The savings are so large in part because of net energy metering (NEM), which means the household only pays for the net consumption — that is, total consumption minus the electricity the panels produce — even if some of the panel production gets injected into the grid (which happens any time that the household consumption is lower than production).  An alternative approach, used in other parts of the world, is to pay the household a lower price for grid injections than the retail price the household pays for receiving electricity.  Surprisingly — at least to me — moving from NEM to that alternative approach, but keeping the same tiered rates, would reduce the incentive for solar by only about half as much as moving from tiered to a flat electricity rate.  The steep tiers create a much larger incentive than NEM, though the combination creates a still larger incentive.

Important note: those steep tiers created strong incentives only if they were expected to last.  Maybe they were, but they didn’t.  Already, in 2015, the lowest tier prices have risen and the highest have fallen so much that the highest tier price is now about twice the lowest rather than three times.  Proposals now before the California Public Utilities Commission would change the spread to just 20% or 66% depending on which proposal is adopted.  This will further lower the average price of electricity that the solar panels replace, and lower the incentive for large users to install PV.

Beyond the size of these incentives, I also wondered who was going solar, particularly how much the recipients of incentives tilt towards high-income households.  Using very granular census data, I estimated household incomes for each PG&E customer who installed solar.  Not surprisingly, they are heavily skewed to the wealthy with 35%-40% of systems going to households in the top 20% of earners.  But that has been changing since 2011, with the measure of inequality among adopters declining by nearly one-fifth from 2010 to 2014.  In the first few months of 2014, households in the highest of the five income brackets were still 82% more likely to adopt solar than households in the middle bracket, but that’s down from 116% in 2010.
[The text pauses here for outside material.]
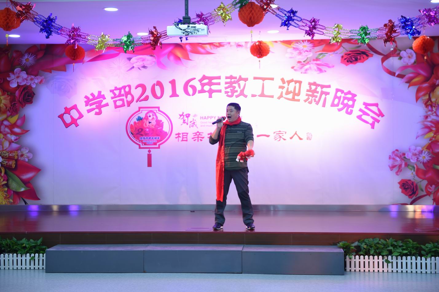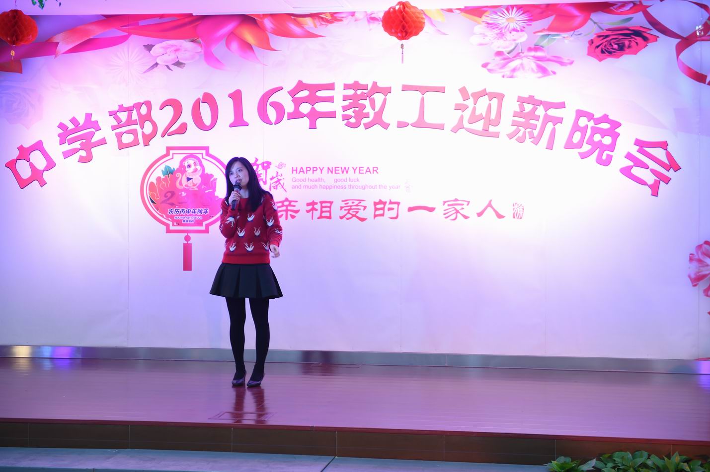 晚上6:30,教工们又来到布置温馨的西楼多功能厅参加迎新晚会。首先,龙校长致新年贺辞,她回顾了过去一年中学部教育教学等方面取得的成绩,充分肯定了2015年教工们的优秀表现,并展望了信心满满的2016年。
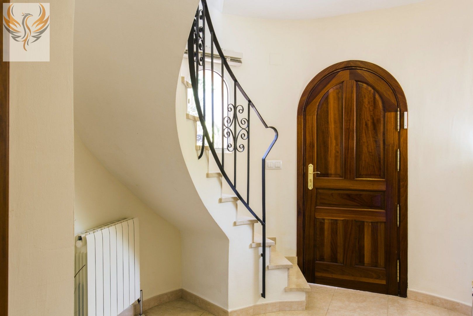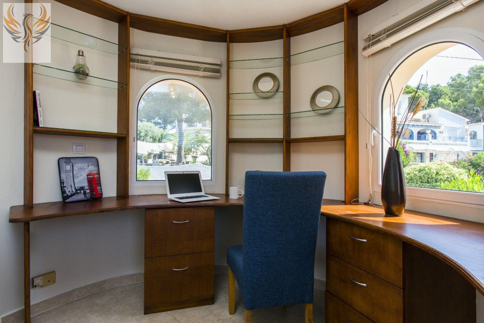 La casa principal consta en la planta baja de un amplio salón, gran cocina separada, ambos con salida a la amplia naya con vistas al mar, un aseo de invitados y un dormitorio doble con baño en-suite. En el hall de entrada, una escalera conduce a la torre con un estudio.

Estimating incomes of solar adopters also give some insight into how the private benefits vary among those who do install PV systems.  As you would expect, the lower income adopters tend to consume less electricity and put in smaller systems, but they actually put in larger systems relative to their consumption.  That means they start lower down on the tiered rate structure and they crowd out a larger share of kWh, which are kWh that wouldn’t have cost that much anyway.  Systems on the roofs of the highest income bracket households crowded out electricity that would have cost them 27 cents per kWh on average, while the systems on middle income households displaced 25 cent power, and the households in the lowest bracket displaced 21 cent electricity on average.  Among those who installed solar in 2007-14, the wealthiest customers were likely to get the largest savings.

As I wrote a few weeks ago, we need a careful analysis of the societal costs and benefits of deploying renewable power at grid scale versus distributed generation.  At the same time, we also need a careful analysis of the incentives that have been created for generating energy from all sources.  Regardless of one’s views on solar, distributed generation, or renewables generally, understanding the size of the financial incentives from direct and indirect factors is critical to evaluating which programs are likely to have the greatest effect on adoption and which customers are likely to get the greatest benefits.